Provided material START

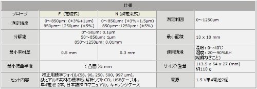 用途:車やオートバイの塗装厚や被膜検査、亜鉛、銅、クローム、スズのメッキ厚測定、樹脂、ゴム、ホーロー等のライニング厚測定、鉄素地の酸化膜、溶射膜測定、アルミ製品、ステンレス製タンク等の塗装検査、アルミ製品、アルミサッシ等のアルマイト測定等
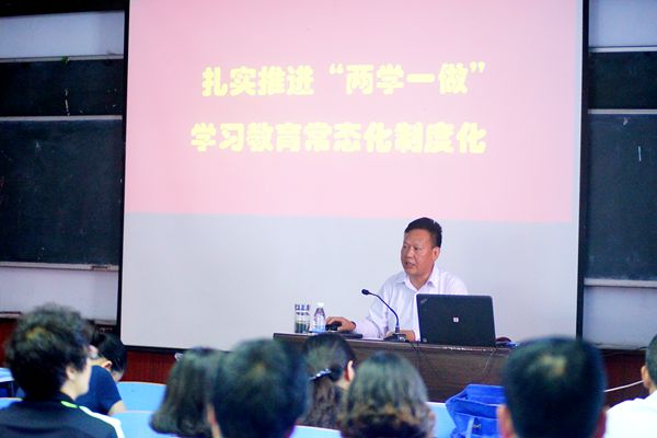 会后,党委书记浮新平为全体党员干部上了题为《扎实推进“两学一做”学习教育常态化制度化》的党课。(摄影:李 军)
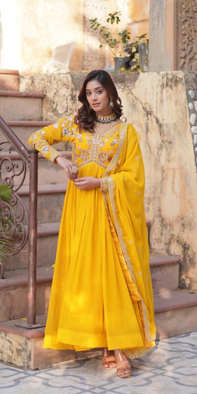 Yellow Faux Blooming Embroidery Zari Work Gown

Provided material END

• **Exercise aim**
Would you please retype all the data exactly? Leave out whatever pictures it holds.

• **Written response**
 用途:車やオートバイの塗装厚や被膜検査、亜鉛、銅、クローム、スズのメッキ厚測定、樹脂、ゴム、ホーロー等のライニング厚測定、鉄素地の酸化膜、溶射膜測定、アルミ製品、ステンレス製タンク等の塗装検査、アルミ製品、アルミサッシ等のアルマイト測定等
 会后,党委书记浮新平为全体党员干部上了题为《扎实推进“两学一做”学习教育常态化制度化》的党课。(摄影:李 军)
 Yellow Faux Blooming Embroidery Zari Work Gown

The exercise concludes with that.